MR WALKER: Your Honour, with respect, that does not prevent a difficulty for the argument. It is appropriate for somebody who wishes to exercise a freedom of movement for, as we say, any purpose – and there is nothing to be ashamed of in an economic purpose – is, in our submission, entitled to draw to the Court’s attention that the law that purports either to inhibit or prohibit that exercise of freedom by himself or his customers, is one which goes too far because of all of the aspects of movement, that is, for any purpose which would be inhibited, which are inhibited, by that provision.
So, the validity of the law, in our submission, is one which can be tested with appropriate standing by any person who can point to any aspect of what I am going to call the protected liberty. You do not have to have all the aspects of the protected liberty entailed in one’s case in order to have standing justiciably to seek this Court to determine that the law in question has gone too far.
GAGELER J: Mr Walker, you do not get anywhere, do you, by pointing to the potential for a restriction on liberty to infringe the implied freedom of political communication?
MR WALKER: No, and we are not talking about ‑ ‑ ‑
GAGELER J: I was – sorry ‑ ‑ ‑
MR WALKER: ‑ ‑ ‑ mere potential. I accept what your Honour says, with respect. No qualifications.
GAGELER J: Or even the actuality.
MR WALKER: Your Honour is asking me would a litigant get nowhere by pointing ‑ ‑ ‑
GAGELER J: I am not talking about a litigant.

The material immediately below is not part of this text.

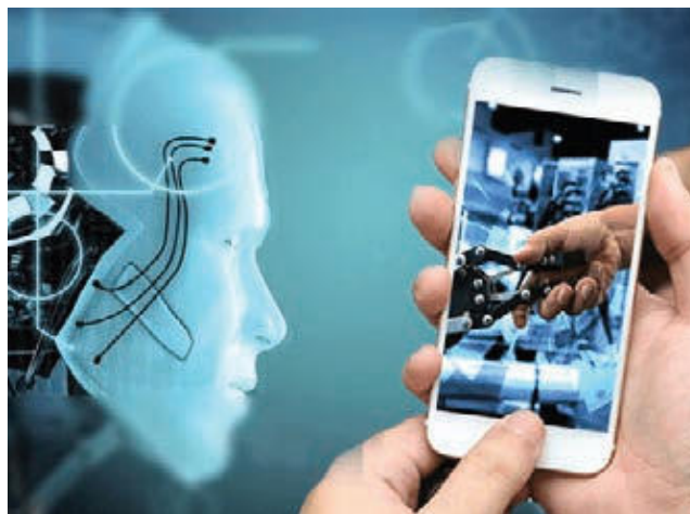
» Pomoć umjetne inteligencije: kroz tri godine će približno 40 posto novih projekata razvoja aplikacija uključivati i AI-developere u timovima.

Tržište proizvoda i usluga Industrije 4.0 će u razdoblju 2017. do 2023. godine rasti prosječno 37 posto godišnje, sa 41 milijarde eura u 2017. godini na 271 milijardu u 2023. godini, procjenjuje u najnovijem istraživanju IoT Analytics, vodeća istraživačka tvrtka na području IoT, M2M i Industrije 4.0. Najave za godine između su bile: 56 milijardi eura prošle godine, 76 milijardi ove godine, 104 milijarde u 2020. godini, 142 milijarde u 2021. godini, 195 milijardi eura u 2022. godini. Približno petina prihoda od Industrije 4.0 dolazi s naslova šest elemenata povezane industrije – strojne opreme, povezujuće opreme, platformi i analitike u oblaku, aplikacija, sigurnosnih proizvoda i rješenja te opreme za integraciju sustava. A približno petina dolazi iz podupornih tehnologija Industriji 4.0 – aditivne proizvodnje (3D-tiskanja), obogaćene i prividne stvarnosti (AR/VR), suradničkih robota, povezanog strojnog vida, dronova i samovozećih vozila (SDV).

I am talking about your client in this case ‑ ‑ ‑
MR WALKER: No, I am ‑ ‑ ‑
GAGELER J: ‑ ‑ ‑ given the pleading and given the point you are running.
MR WALKER: No, no – I refer to the freedom of political communication as an illustration of the way in which the process of implication can emerge, and we draw upon some similar circumstances, yes, but we are not – this is not a case about political communication.

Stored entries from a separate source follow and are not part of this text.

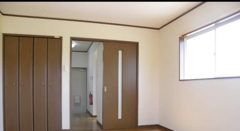
もちろん収納もあります。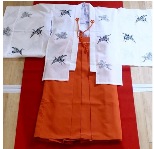
【(D)-10】巫女常衣 上下セット (行灯袴) + 千早青摺入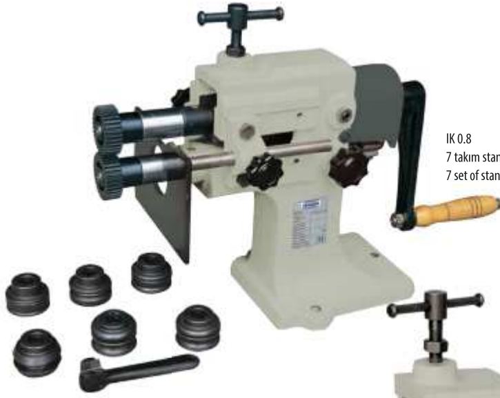
IK 0.8 7 takım standart vals topu ve top açma anahtarı ile beraber 7 set of standard rolls and roll key

GAGELER J: It does not assist your argument to point to the possibility of a case about political communication being brought on these measures.
MR WALKER: No, no, it does not, and I am not calling that in aid. I am not calling that in aid. I hope that is clear.
GAGELER J: Yes, thank you.
MR WALKER: Your Honours, we have, plainly, in our writing relied to a considerable extent on the early decision in 1912 of R v Smithers; Ex parte Benson 16 CLR 99.
KIEFEL CJ: Which tab is that found at, Mr Walker – No 40?
MR WALKER: I am so sorry, your Honours.
KIEFEL CJ: We have to be a bit more self‑reliant from our associates than usual, so we are lost sometimes, occasionally, Mr Walker.
MR WALKER: I know the experience, your Honours. Your Honours this is a case with, as it were, slightly confronting facts. The original destination of all the convicts with which this continent was settled against the will of its original owners, decides in 1903 that it is going to stop people, convicts, now otherwise free to move, coming in to the State. What that says about the ancestors of many respectable people in Sydney, who knows.
The authority is not one - you have seen the way we have written about this in our written reply - this authority is not one which can be put in some kind of garbage bin of jurisprudence by being pre-Engineers, for the reasons we have written about but do not need to elaborate. In our submission, as Justice Windeyer pointed out, there are insights which well and truly survive the abolition of now exploded notions such as so‑called intergovernmental immunities and the like.
When one is talking about the effect on the formally vociferous, that is jealously separately sovereign colonies preventing or trying to prevent people crossing borders to the new nation, in our submission, what the particular members of this Court had to say would still attract in our submission most careful and respectful consideration of the proper way, by no means merely aspirational, but based on what we now call text and structure, to understand the effect of all the provisions in the text creating the structure of the new nation.
If one could pick it up at page 108 in the Chief Justice’s reasons, one starts with the well‑understood aspect of what I will loosely call territorial sovereignty, namely, that the police power extended to the exclusion of persons thought to be undesirable.
GAGELER J: That is a question I wanted to ask you. What is the content of this notion of a police power?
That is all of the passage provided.